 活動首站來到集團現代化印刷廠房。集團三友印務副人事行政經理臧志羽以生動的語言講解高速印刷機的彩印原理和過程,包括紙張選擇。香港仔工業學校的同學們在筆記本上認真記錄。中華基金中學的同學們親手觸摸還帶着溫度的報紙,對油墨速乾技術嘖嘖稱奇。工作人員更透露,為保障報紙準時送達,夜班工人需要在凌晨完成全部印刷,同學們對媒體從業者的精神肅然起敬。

* * *

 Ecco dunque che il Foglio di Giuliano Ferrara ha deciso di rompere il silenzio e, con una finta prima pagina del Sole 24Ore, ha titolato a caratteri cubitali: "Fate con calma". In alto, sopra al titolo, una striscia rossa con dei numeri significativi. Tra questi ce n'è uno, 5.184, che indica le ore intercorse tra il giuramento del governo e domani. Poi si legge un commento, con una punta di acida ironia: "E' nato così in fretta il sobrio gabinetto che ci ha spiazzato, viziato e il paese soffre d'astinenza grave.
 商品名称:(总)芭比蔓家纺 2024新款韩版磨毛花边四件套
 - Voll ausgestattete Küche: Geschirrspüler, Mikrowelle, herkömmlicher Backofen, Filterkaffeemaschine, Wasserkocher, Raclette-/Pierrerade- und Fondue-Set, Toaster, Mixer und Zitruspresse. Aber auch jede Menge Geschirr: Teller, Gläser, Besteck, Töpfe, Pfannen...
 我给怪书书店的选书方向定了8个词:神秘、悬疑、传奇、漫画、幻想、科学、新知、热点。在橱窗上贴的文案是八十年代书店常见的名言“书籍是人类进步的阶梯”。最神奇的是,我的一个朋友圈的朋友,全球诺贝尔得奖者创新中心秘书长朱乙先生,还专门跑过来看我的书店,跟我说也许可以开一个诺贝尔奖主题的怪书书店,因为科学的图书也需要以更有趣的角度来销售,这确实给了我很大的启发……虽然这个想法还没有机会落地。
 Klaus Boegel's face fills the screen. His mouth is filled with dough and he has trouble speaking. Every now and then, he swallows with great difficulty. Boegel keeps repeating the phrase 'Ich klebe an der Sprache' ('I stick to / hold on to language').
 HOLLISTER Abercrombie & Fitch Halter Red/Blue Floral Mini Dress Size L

---

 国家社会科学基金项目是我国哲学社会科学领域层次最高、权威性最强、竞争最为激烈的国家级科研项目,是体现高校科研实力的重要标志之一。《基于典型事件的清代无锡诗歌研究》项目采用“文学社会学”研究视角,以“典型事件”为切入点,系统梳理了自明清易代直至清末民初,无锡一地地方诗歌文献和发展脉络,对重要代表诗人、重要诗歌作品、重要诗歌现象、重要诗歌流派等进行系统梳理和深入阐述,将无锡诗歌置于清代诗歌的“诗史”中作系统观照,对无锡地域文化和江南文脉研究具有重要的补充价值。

[Activity]
Send back exactly the lines of the listing above starting at the one with "商品名称:(总)芭比蔓家纺 2024新款韩版磨毛花边四件套" and ending at the one with "- Voll ausgestattete", inclusive, and no others.

[Written answer]
 商品名称:(总)芭比蔓家纺 2024新款韩版磨毛花边四件套
 - Voll ausgestattete Küche: Geschirrspüler, Mikrowelle, herkömmlicher Backofen, Filterkaffeemaschine, Wasserkocher, Raclette-/Pierrerade- und Fondue-Set, Toaster, Mixer und Zitruspresse. Aber auch jede Menge Geschirr: Teller, Gläser, Besteck, Töpfe, Pfannen...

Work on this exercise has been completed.